ARM specifies that the stack pointer (SP) must always be aligned to a word boundary (i.e., sp % 4 == 0). For public interfaces, the stack must be aligned to a double-word boundary (i.e., sp % 8 == 0).

The least significant bit of a function address is an ARM/Thumb flag (1 == ARM, 0 == Thumb). This bit is set by the linker.

When we want to call a subroutine, we need to preserve the current function's persistent registers on the stack, store the return address in the LR register (so we know how to get back from our function), and change the PC to the subroutine address. ARM provides branching instructions which handle this process for us (e.g., bl, blx,bx`), although the process may still be performed manually.

Now, there are many details that we did not cover, but this basic overview provides enough details to understand some of the assembly that we will be analyzing. Particularly important to keep in mind: values put into r0-r3 represent arguments to functions, and values put into r4-r11 represent variables used in our current subroutine.

System Configuration

For this exploration, I used a Nordic nRF52840 Development Kit. The development kit has several examples provided by Nordic; I used the blinky program. I compiled and linked the program with the GNU ARM toolchain (version 8-2018-q4-major). The Nordic blinky program links against the Newlib libraries provided by the GNU ARM toolchain.

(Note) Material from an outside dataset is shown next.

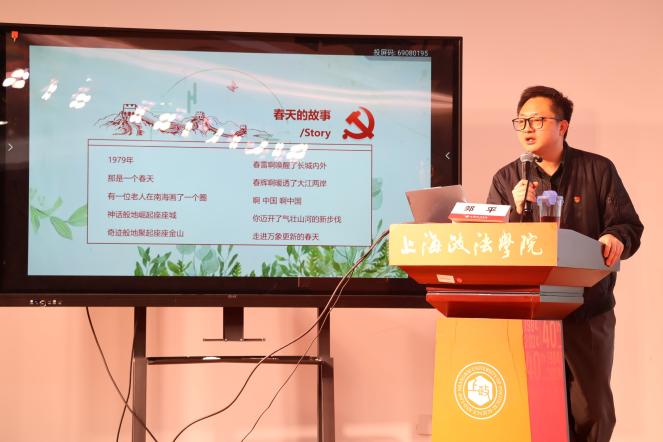 上政第28学生党支部书记郭平同志为学员们讲授了本期培训班的第一课——《重回改革年代 再讲春天的故事——讲述红歌经典〈春天的故事〉背后的党史故事》。他从“一个人的故事——歌曲词作者蒋开儒的人生经历”“一座城的故事——改革开放前沿阵地深圳的崛起历程”“一个民族和国家的故事——社会主义制度自我完善和自我发展的历史进程”三个维度,全面回顾了改革开放的光辉历程和三次伟大转折,明确指出改革开放是我们永恒的动力源泉,中国共产党引领人民开辟了具有中国特色社会主义道路,并以此鼓励学员们,无论何时都不可放弃自我提升的机遇,持之以恒的努力必将带来翻天覆地的变革。

Because this is a Cortex-M processor, the program is compiled entirely in Thumb mode. We will discuss some aspects of the boot process which apply to Cortex-A processors that use ARM instructions.

Initial Exploration

Before we start blindly looking through the Newlib code base, we should do some initial exploration with our debugger as described in the last article.

To begin the investigation, I compiled the blinky example for the nRF52840 Development Kit (PCA10056 in the SDK parlance) in the "blank" configuration using the armgcc Makefile. I flashed the binary to the board with the nRF Connect Programmer,

First, let's start with a backtrace from main in an example program so we can see what code is run. Then we will look at the disassembly for the _start function that is provided by Newlib.

nRF52840 Boot

Our backtrace showed us that our journey begins in the Reset_Handler function in gcc_startup_nrf52840.S (found in the nRF SDK).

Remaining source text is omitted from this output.